- PROBLEM STATEMENT -
Using the material below, repeat exactly the lines from the one with "Lar da Felicidade" through the one with "www.horncolor.de/fotoreisen E-Mail: info@horncolor.de", ends included, without any images.

BEGIN INFORMATION

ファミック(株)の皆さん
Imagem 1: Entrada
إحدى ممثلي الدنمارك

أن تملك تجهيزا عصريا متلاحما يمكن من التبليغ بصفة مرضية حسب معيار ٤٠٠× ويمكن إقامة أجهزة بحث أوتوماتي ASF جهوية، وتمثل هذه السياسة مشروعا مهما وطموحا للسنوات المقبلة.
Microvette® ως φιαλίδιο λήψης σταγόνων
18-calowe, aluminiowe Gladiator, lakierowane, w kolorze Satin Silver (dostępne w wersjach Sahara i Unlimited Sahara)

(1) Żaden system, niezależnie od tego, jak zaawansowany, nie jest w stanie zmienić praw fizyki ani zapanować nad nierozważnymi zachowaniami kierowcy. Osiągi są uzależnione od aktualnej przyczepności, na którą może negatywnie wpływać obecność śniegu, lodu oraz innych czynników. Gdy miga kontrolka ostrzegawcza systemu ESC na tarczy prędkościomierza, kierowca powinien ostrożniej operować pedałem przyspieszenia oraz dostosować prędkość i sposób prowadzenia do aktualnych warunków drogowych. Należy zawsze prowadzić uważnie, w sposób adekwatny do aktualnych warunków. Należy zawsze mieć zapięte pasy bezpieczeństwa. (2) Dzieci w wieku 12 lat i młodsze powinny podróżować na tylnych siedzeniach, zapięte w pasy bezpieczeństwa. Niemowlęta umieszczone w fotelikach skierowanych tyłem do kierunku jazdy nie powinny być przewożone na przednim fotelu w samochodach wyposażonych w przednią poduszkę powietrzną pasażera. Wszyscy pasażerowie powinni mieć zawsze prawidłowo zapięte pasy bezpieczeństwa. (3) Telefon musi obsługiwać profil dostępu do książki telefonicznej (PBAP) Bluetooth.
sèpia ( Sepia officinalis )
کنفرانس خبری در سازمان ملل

END INFORMATION
BEGIN INFORMATION

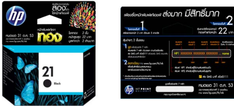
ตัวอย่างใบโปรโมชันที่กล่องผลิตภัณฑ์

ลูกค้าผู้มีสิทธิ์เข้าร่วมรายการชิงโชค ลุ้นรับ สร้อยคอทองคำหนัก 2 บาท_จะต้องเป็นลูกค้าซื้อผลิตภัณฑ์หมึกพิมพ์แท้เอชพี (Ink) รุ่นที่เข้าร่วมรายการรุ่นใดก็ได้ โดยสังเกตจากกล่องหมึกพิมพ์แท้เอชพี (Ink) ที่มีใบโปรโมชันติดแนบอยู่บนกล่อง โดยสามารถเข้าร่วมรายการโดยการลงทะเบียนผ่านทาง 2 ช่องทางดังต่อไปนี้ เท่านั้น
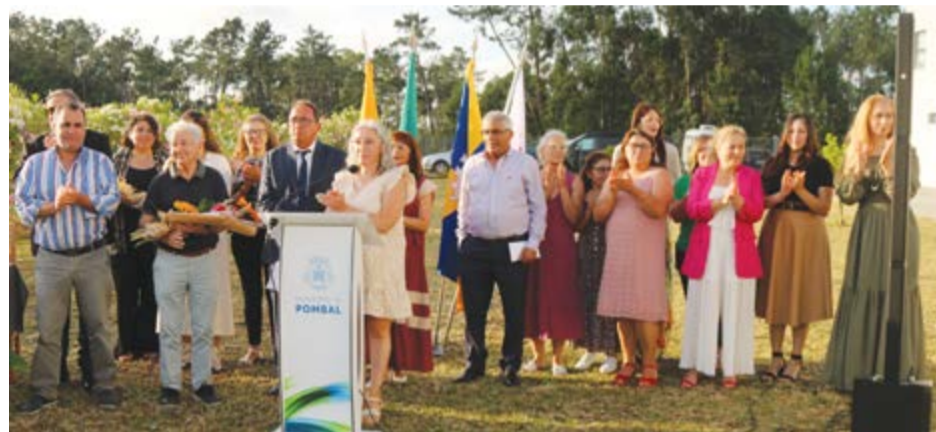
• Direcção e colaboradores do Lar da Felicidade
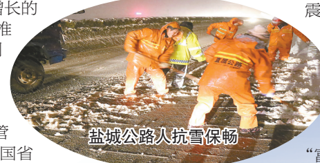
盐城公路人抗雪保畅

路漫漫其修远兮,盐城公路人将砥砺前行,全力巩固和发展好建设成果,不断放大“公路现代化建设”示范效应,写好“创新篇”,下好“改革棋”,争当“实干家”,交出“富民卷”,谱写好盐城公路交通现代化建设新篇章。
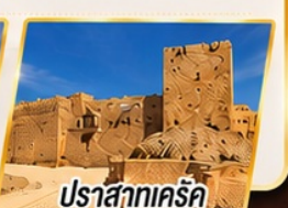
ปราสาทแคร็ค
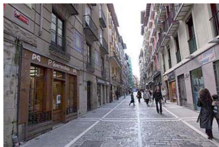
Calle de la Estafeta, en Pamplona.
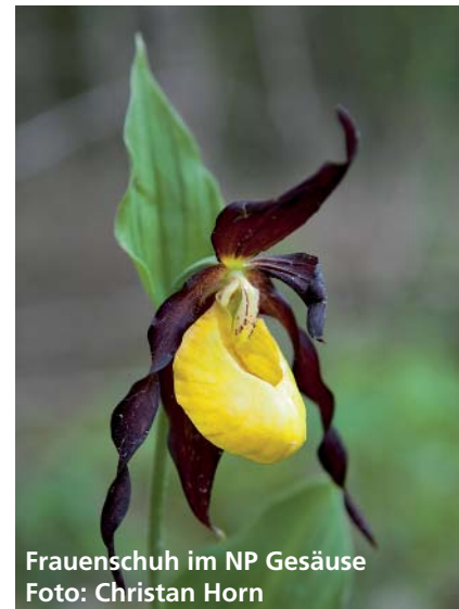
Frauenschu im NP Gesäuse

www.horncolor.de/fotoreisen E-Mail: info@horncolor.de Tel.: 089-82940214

END INFORMATION

- WRITTEN RESPONSE -
• Direcção e colaboradores do Lar da Felicidade
盐城公路人抗雪保畅

路漫漫其修远兮,盐城公路人将砥砺前行,全力巩固和发展好建设成果,不断放大“公路现代化建设”示范效应,写好“创新篇”,下好“改革棋”,争当“实干家”,交出“富民卷”,谱写好盐城公路交通现代化建设新篇章。
ปราสาทแคร็ค
Calle de la Estafeta, en Pamplona.
Frauenschu im NP Gesäuse

www.horncolor.de/fotoreisen E-Mail: info@horncolor.de Tel.: 089-82940214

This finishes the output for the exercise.